*** Excerpted data ***

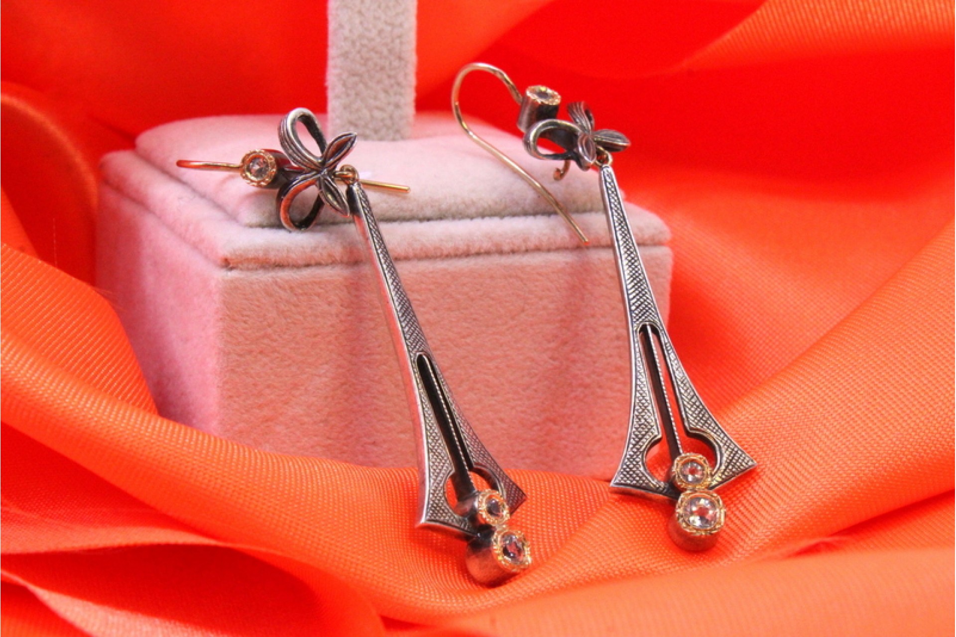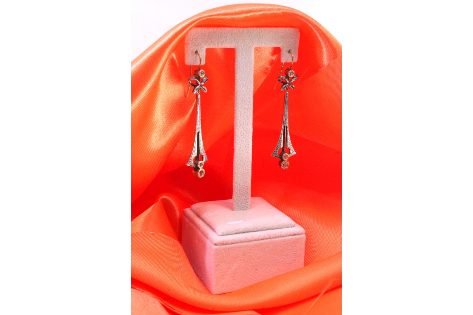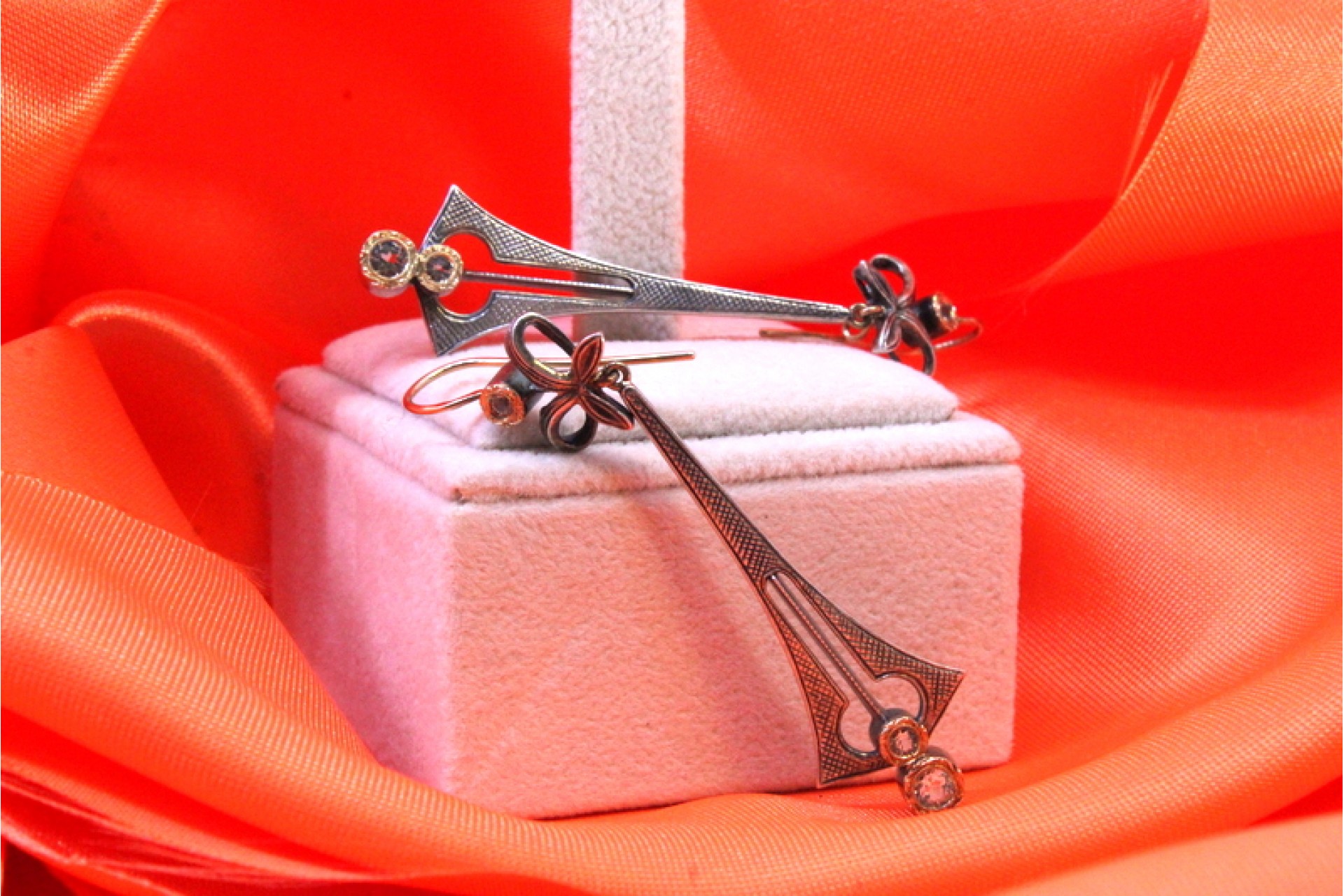 • Descrição: Par de brincos em ouro e prata com  zircónias e forma articulada.
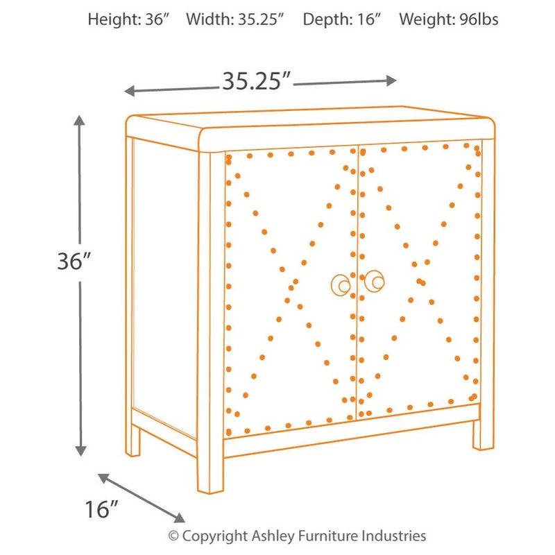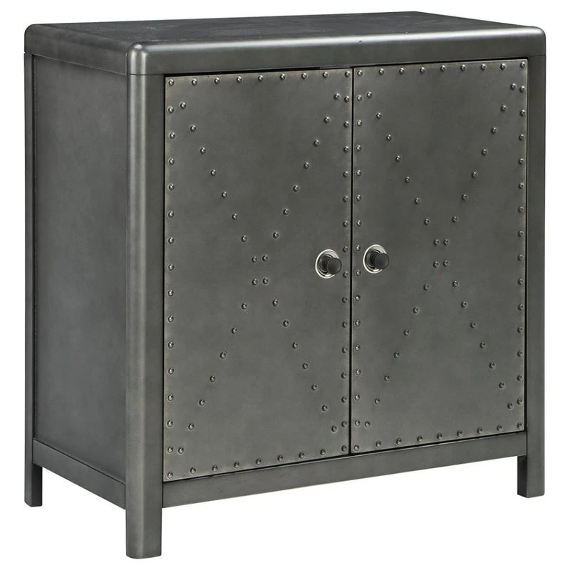 Whether storing plates and linens in the dining room, toiletries in the bathroom, or supplies in the home office, the Rock Ridge 2-door accent cabinet works a modern industrial look loaded with versatility. Antique gunmetal finish—punctuated with nailhead accents and round, recessed handles—wows with retro-chic charm.
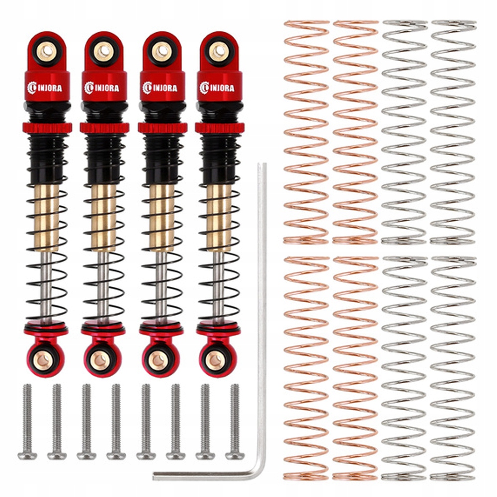ХАРАКТЕРИСТИКИ ПРОДУКТА: количество в наборе: 4 комплекта цвет: красный Марка: INJORA длина: 43 мм (расстояние между отверстиями) материал: алюминий применение: Axial SCX24 AXI90081 Ригель Micro Crawler В КОМПЛЕКТ ВХОДИТ: 4 амортизатора в сборе 12 пружин 8 винтов 1 ключ
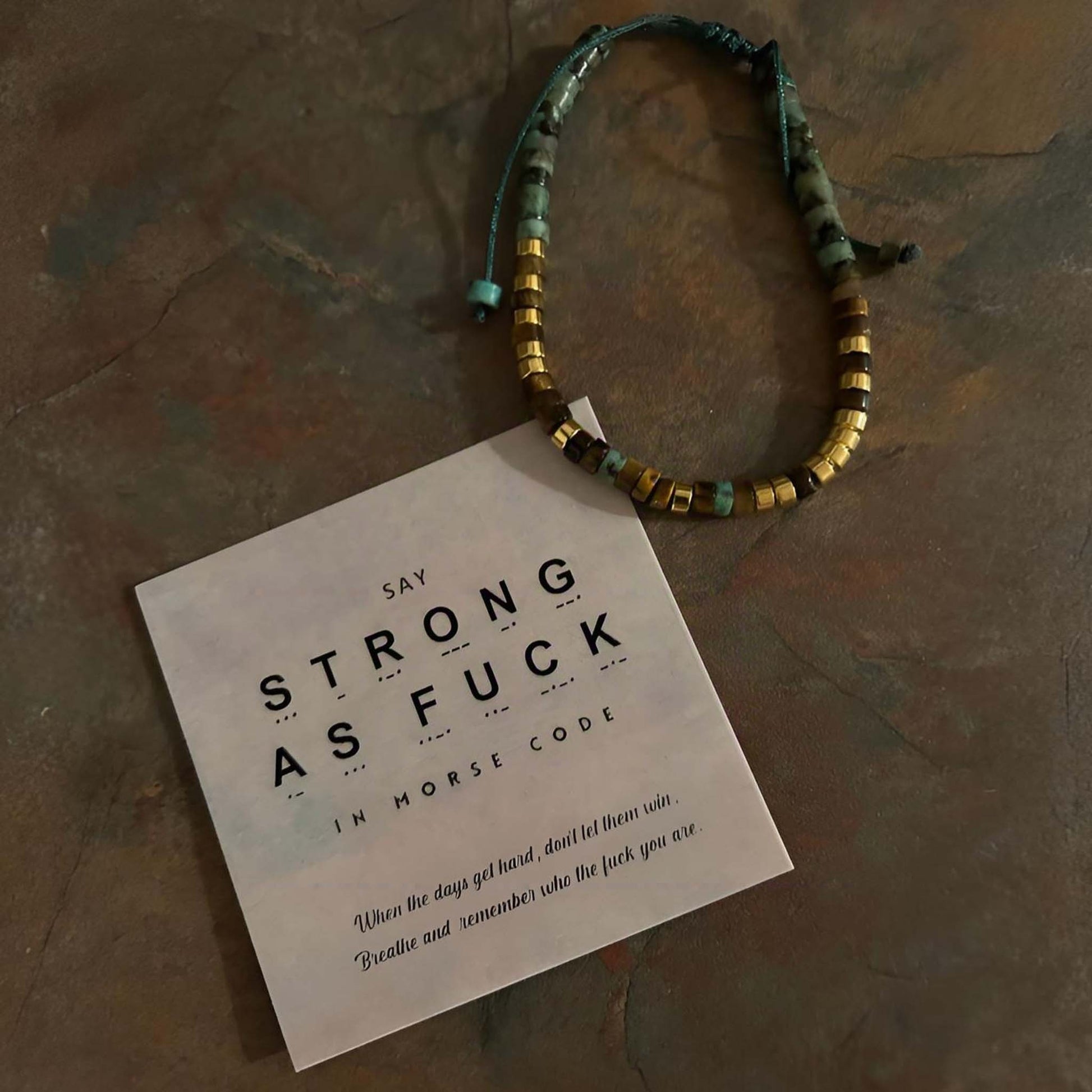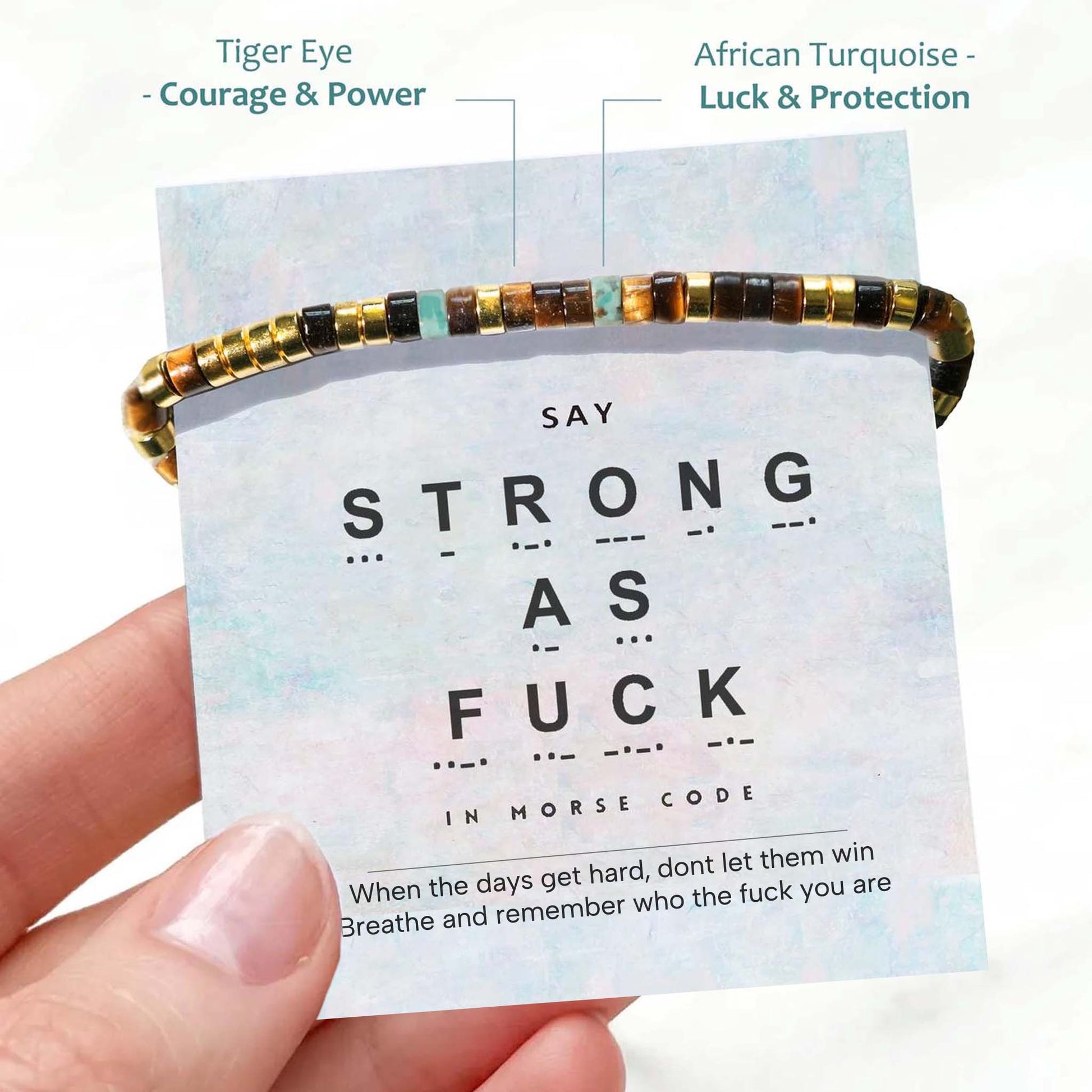 'Strong As Fuck' Morse code Motivational Bracelet with African Turquoise Tiger eye
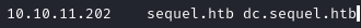 La enumeración de puertos de NMAP mostró del nombre de dominio sequel.htb y un certificado TLS para dc.sequel.htb. Vamos a este dominio al archivo /etc/hosts.
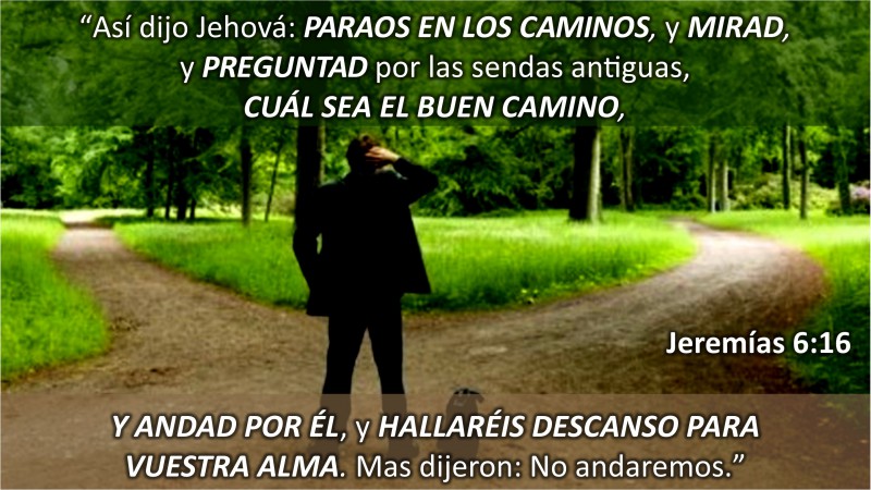 “Así dijo Jehová: PARAOS EN LOS CAMINOS, y MIRAD, y PREGUNTAD por las sendas antiguas, CUÁL SEA EL BUEN CAMINO, Y ANDAD POR ÉL, y HALLARÉIS DESCANSO PARA VUESTRA ALMA. Mas dijeron: No andaremos.”
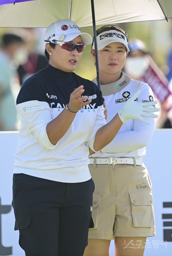 26일 인천 베어즈베스트 청라CC에서 열린 ‘LG전자 박세리 월드매치’ 10번 홀에서 박세리와 임희정이 이야기를 하고 있다.
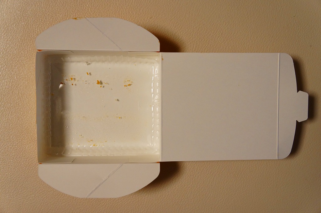 東京駅や羽田空港、その他都内各地で幅を利かせるカツサンドの、小さいパッケージのヒレカツタイプ。透明なトレーに収めた袋詰めのヒレカツサンドが、2切れ×2分割で紙箱に収まる。この商品は2020年頃から、駅ではその姿を見ていない。
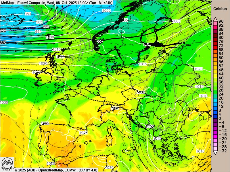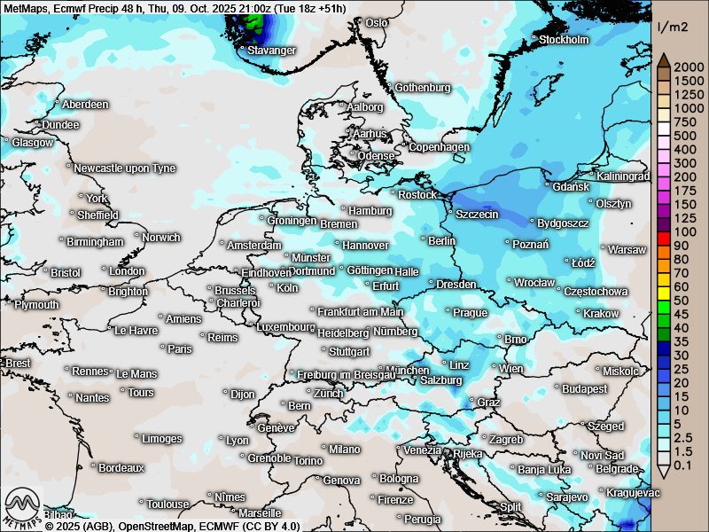 Die Strömung für Mittwochabend sowie die 48-Stunden-Regenmengen bis Donnerstagabend nach ECMWF:
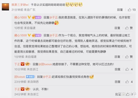 于正则回复:“她是铁娘子,不需要这种安慰,她可以扛过去的!”
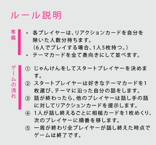 ②スタートプレイヤーは好きなテーマカードを1枚選び、テーマに沿った自分の話をします。
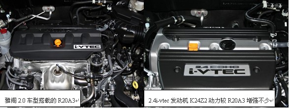 雅閣2.4L車型搭載的發(fā)動(dòng)機(jī)不是由2.0L車型簡單擴(kuò)缸而來,這款發(fā)動(dòng)機(jī)型號為K24Z2,動(dòng)力性能較2.0L的R20A3強(qiáng)出不少,但同時(shí)油耗也相應(yīng)增加,平均百公里油耗達(dá)到了11.65升。
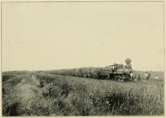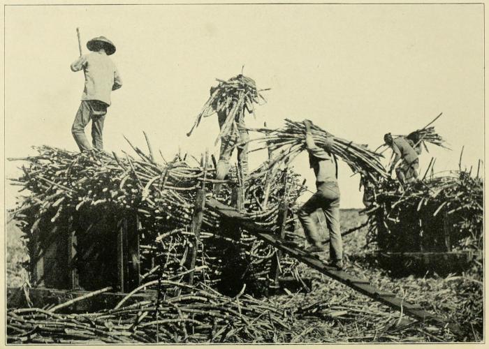 The loaders follow up the cutters. These men lay a strap on the ground and pile the stalks on the strap until they have a bundle of cane weighing from seventy-five to one hundred pounds. With a dexterity born of long practice, they sling a bundle upon their shoulders and carry it up an inclined runway to a railroad car not over seventy-five feet away and dump it on the car. The cutting and loading are usually done by contract, at so much per ton, and it is remarkable how proficient the men become.
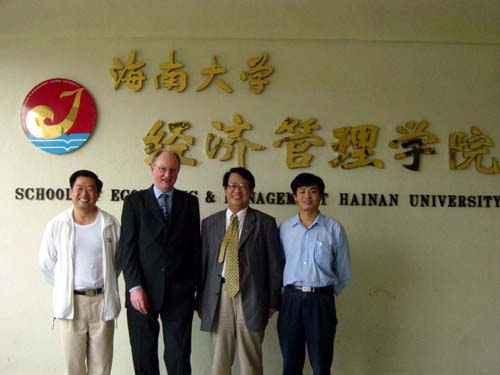 华大伟教授与经济学院院长黄景贵博士、副院长李仁君博士以及中国五矿化工进出口商会副会长周世俭教授合影
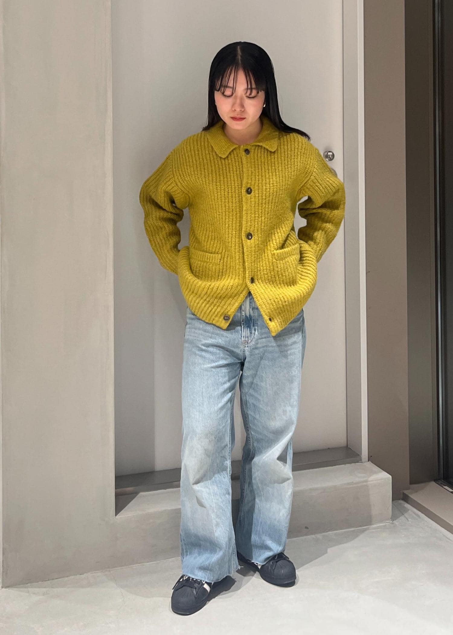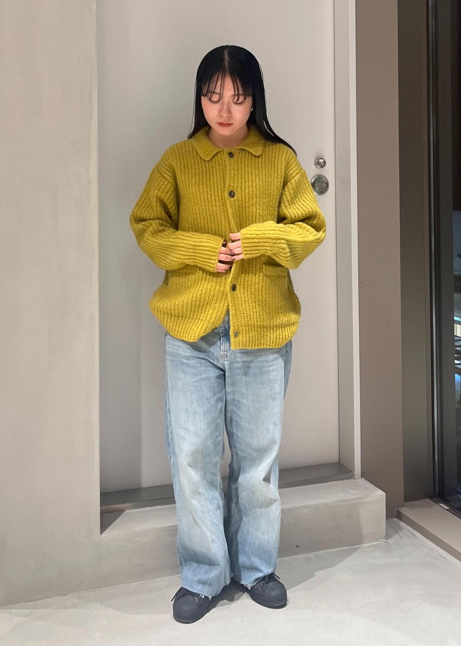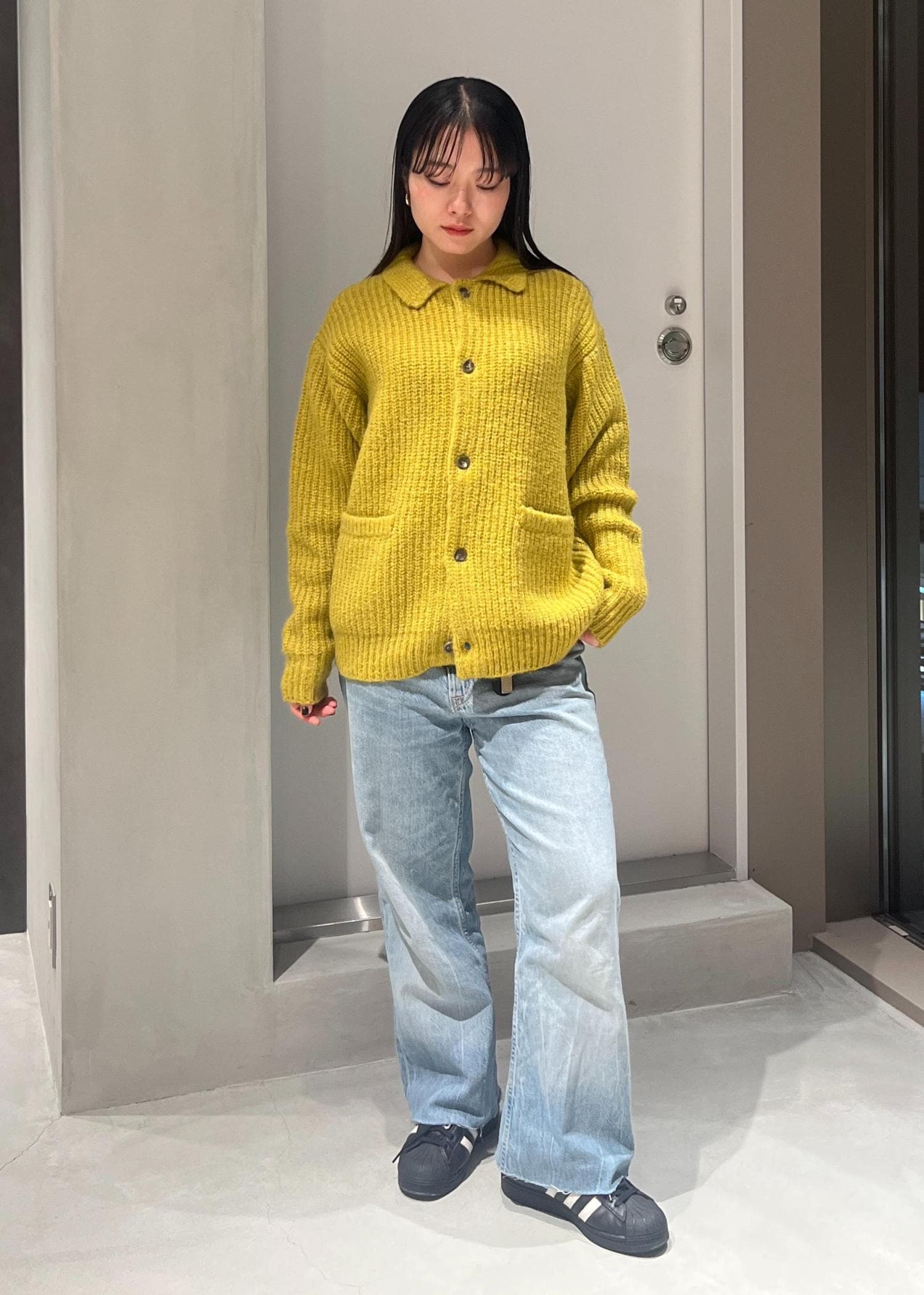 Saturdays NYCJahmad Long Sleeve Cardiganイエロー / M¥29,700レビュー度目が詰まったローゲージの片畦で編み立てたボリュームのあるポロカーディガンです。

*** End of Excerpted data ***

All of the records must come back exactly as they stand, minus every picture.

→ **Finished exercise**:
 • Descrição: Par de brincos em ouro e prata com  zircónias e forma articulada.
 Whether storing plates and linens in the dining room, toiletries in the bathroom, or supplies in the home office, the Rock Ridge 2-door accent cabinet works a modern industrial look loaded with versatility. Antique gunmetal finish—punctuated with nailhead accents and round, recessed handles—wows with retro-chic charm.
ХАРАКТЕРИСТИКИ ПРОДУКТА: количество в наборе: 4 комплекта цвет: красный Марка: INJORA длина: 43 мм (расстояние между отверстиями) материал: алюминий применение: Axial SCX24 AXI90081 Ригель Micro Crawler В КОМПЛЕКТ ВХОДИТ: 4 амортизатора в сборе 12 пружин 8 винтов 1 ключ
 'Strong As Fuck' Morse code Motivational Bracelet with African Turquoise Tiger eye
 La enumeración de puertos de NMAP mostró del nombre de dominio sequel.htb y un certificado TLS para dc.sequel.htb. Vamos a este dominio al archivo /etc/hosts.
 “Así dijo Jehová: PARAOS EN LOS CAMINOS, y MIRAD, y PREGUNTAD por las sendas antiguas, CUÁL SEA EL BUEN CAMINO, Y ANDAD POR ÉL, y HALLARÉIS DESCANSO PARA VUESTRA ALMA. Mas dijeron: No andaremos.”
 26일 인천 베어즈베스트 청라CC에서 열린 ‘LG전자 박세리 월드매치’ 10번 홀에서 박세리와 임희정이 이야기를 하고 있다.
 東京駅や羽田空港、その他都内各地で幅を利かせるカツサンドの、小さいパッケージのヒレカツタイプ。透明なトレーに収めた袋詰めのヒレカツサンドが、2切れ×2分割で紙箱に収まる。この商品は2020年頃から、駅ではその姿を見ていない。
 Die Strömung für Mittwochabend sowie die 48-Stunden-Regenmengen bis Donnerstagabend nach ECMWF:
 于正则回复:“她是铁娘子,不需要这种安慰,她可以扛过去的!”
 ②スタートプレイヤーは好きなテーマカードを1枚選び、テーマに沿った自分の話をします。
 雅閣2.4L車型搭載的發(fā)動(dòng)機(jī)不是由2.0L車型簡單擴(kuò)缸而來,這款發(fā)動(dòng)機(jī)型號為K24Z2,動(dòng)力性能較2.0L的R20A3強(qiáng)出不少,但同時(shí)油耗也相應(yīng)增加,平均百公里油耗達(dá)到了11.65升。
 The loaders follow up the cutters. These men lay a strap on the ground and pile the stalks on the strap until they have a bundle of cane weighing from seventy-five to one hundred pounds. With a dexterity born of long practice, they sling a bundle upon their shoulders and carry it up an inclined runway to a railroad car not over seventy-five feet away and dump it on the car. The cutting and loading are usually done by contract, at so much per ton, and it is remarkable how proficient the men become.
 华大伟教授与经济学院院长黄景贵博士、副院长李仁君博士以及中国五矿化工进出口商会副会长周世俭教授合影
 Saturdays NYCJahmad Long Sleeve Cardiganイエロー / M¥29,700レビュー度目が詰まったローゲージの片畦で編み立てたボリュームのあるポロカーディガンです。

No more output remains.